“Yesterday. I must go back, please. I only came to tell you.”
“But why?”
“Well, ma’am. She’s lying on the table and I have to watch her.”
“Watch her?”
“Yes. Because when father comes home drunk, he knocks her off, and I have to put her on again.”
This narration startled even the bridge-players, and there were protests of horror. But the philosophic wanderer, who had never been the same woman since Russian influenza, smiled placidly.
“I knew something really much more awful than that,” she said. “A young woman, well-known to me, had charge of a crèche of thirty infants, and one day she took it into her head to amuse herself by changing all their clothes, so that at night they could not be identified; and many of them never were identified! She was such a merry girl! I knew all her brothers and sisters too! She wanted to go into a sisterhood, and she did, for a month. But the only thing she did there—well, one day she went down into the laundry and taught all the laundry-maids to polka. She was such a merry girl!”
She smiled with extraordinary simplicity.
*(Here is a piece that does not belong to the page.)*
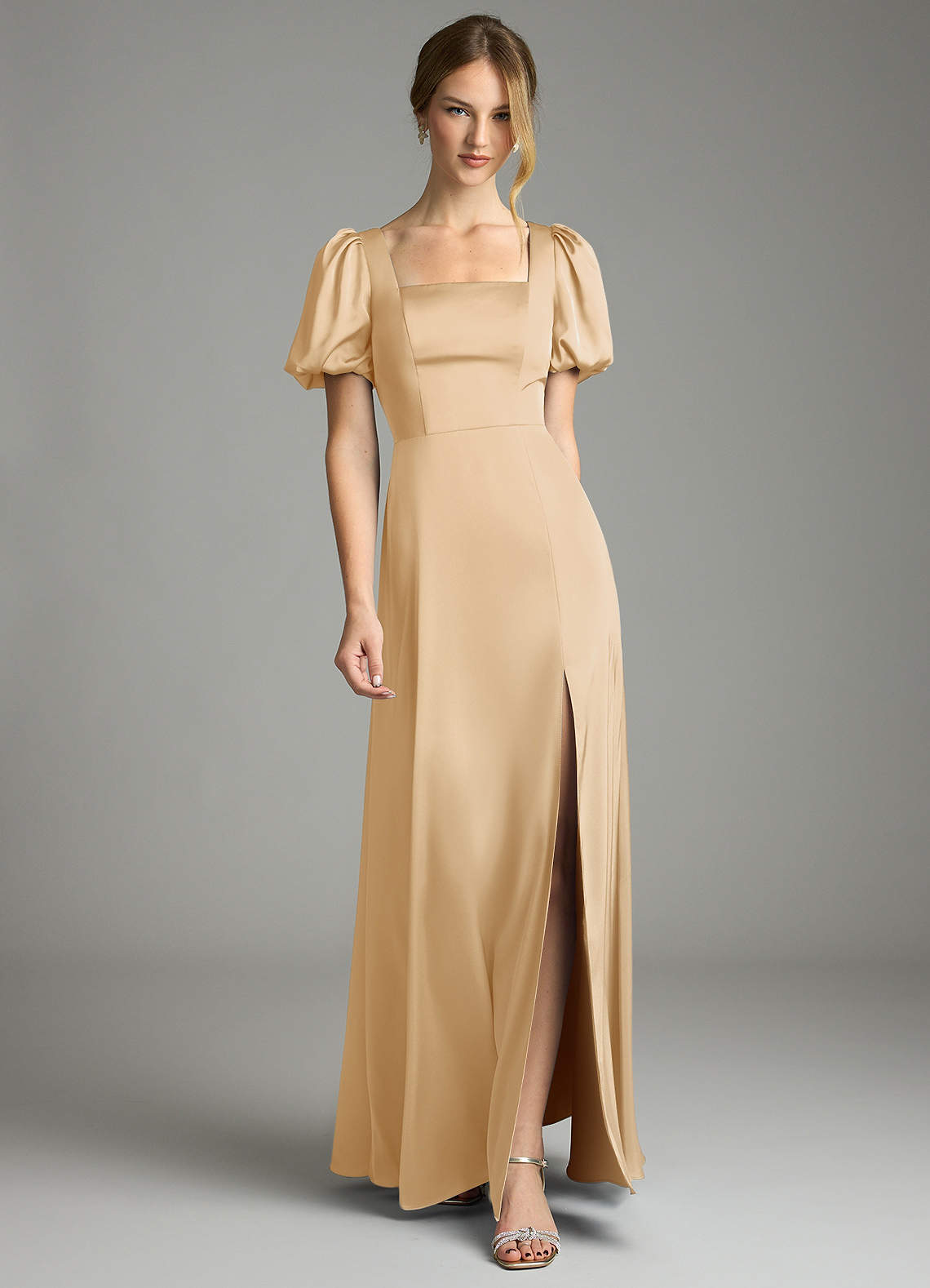 Gold A-Line Pleated Stretch Satin Dress

“In the end,” the bland wanderer continued, after a little pause, “she went to America. America is such an odd place! Once I got into a car at Philadelphia that had come from New York. The conductor showed me my berth. The bed was warm. I partly undressed and got into it, and drew the curtain. I was half asleep, when I felt a hand feeling me over through the curtain. I called out, and a man’s voice said: ‘It’s all right. I’m only looking for my stick. I think I must have left it in the berth’! Another time a lot of student girls were in the same car with me. They all got into their beds—or berths or whatever you call it—about eight o’clock, wearing fancy jackets, and they sat up and ate candy. I was walking up and down, and every time I passed they implored me to have candy, and then they implored each other to try to persuade me. They were mostly named Sadie. At one in the morning they ordered iced drinks ‘round. I was obliged to drink with them. They tired me out, and then made me drink. I don’t know what happened just after that, but I know that, at five in the morning, they were all sitting up and eating candy. I’ve travelled a good deal in America and it’s such an odd place! It was just the place for that young woman to go to.”